GitHub will implement local publishing with mandatory 2FA, granular tokens that expire after seven days, and trusted publishing.

GitHub vulnerability

In the light of recent supply chain attacks targeting the NPM ecosystem, GitHub will implement tighter authentication and publishing rules meant to improve the NPM registry’s security.

Several major incidents occurred over the past three months, with the most recent involving the Shai-Hulud self-replicating worm that impacted dozens of maintainer accounts last week. The attackers compromised 195 packages and pushed over 500 malicious package versions to the registry.
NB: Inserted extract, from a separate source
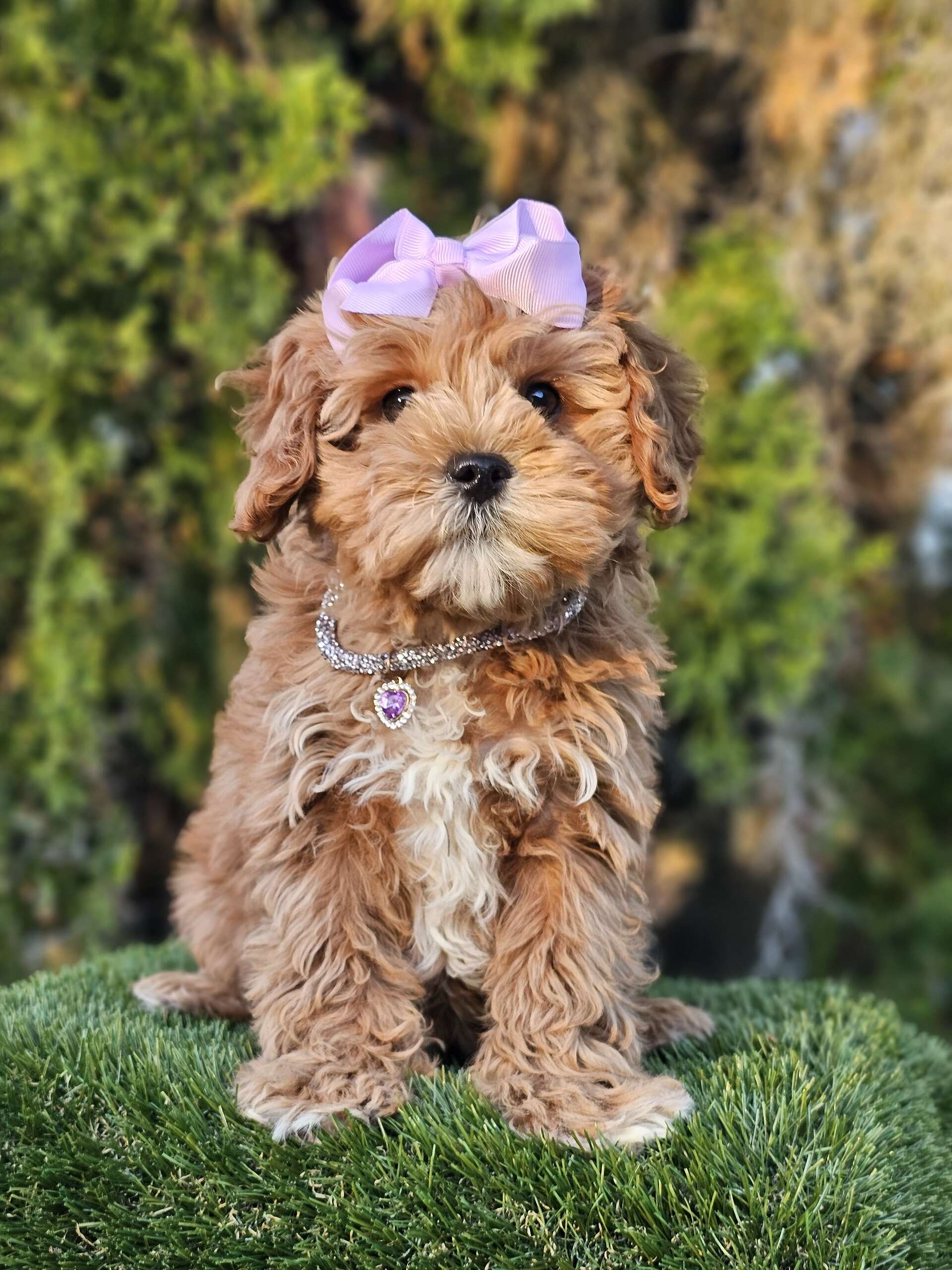Expected to stay under 20 lbs, non-shedding, hypoallergenic, and fully aware she’s adorable.

A week before, 18 NPM packages maintained by Josh Junon were injected with malware after the maintainer fell victim to a phishing campaign impersonating NPM support. The packages have over 2.5 billion weekly downloads.

In July, multiple packages with combined weekly downloads of over 30 million were poisoned after attackers using typosquatting to impersonate the Node.js package registry targeted their maintainers.

According to GitHub, the Shai-Hulud attack triggered swift action from the platform and the community to remove the malicious packages and block the upload of new malware that could have led to a significantly higher number of infections.

“By combining self-replication with the capability to steal multiple types of secrets (and not just npm tokens), this worm could have enabled an endless stream of attacks had it not been for timely action from GitHub and open source maintainers,” GitHub notes.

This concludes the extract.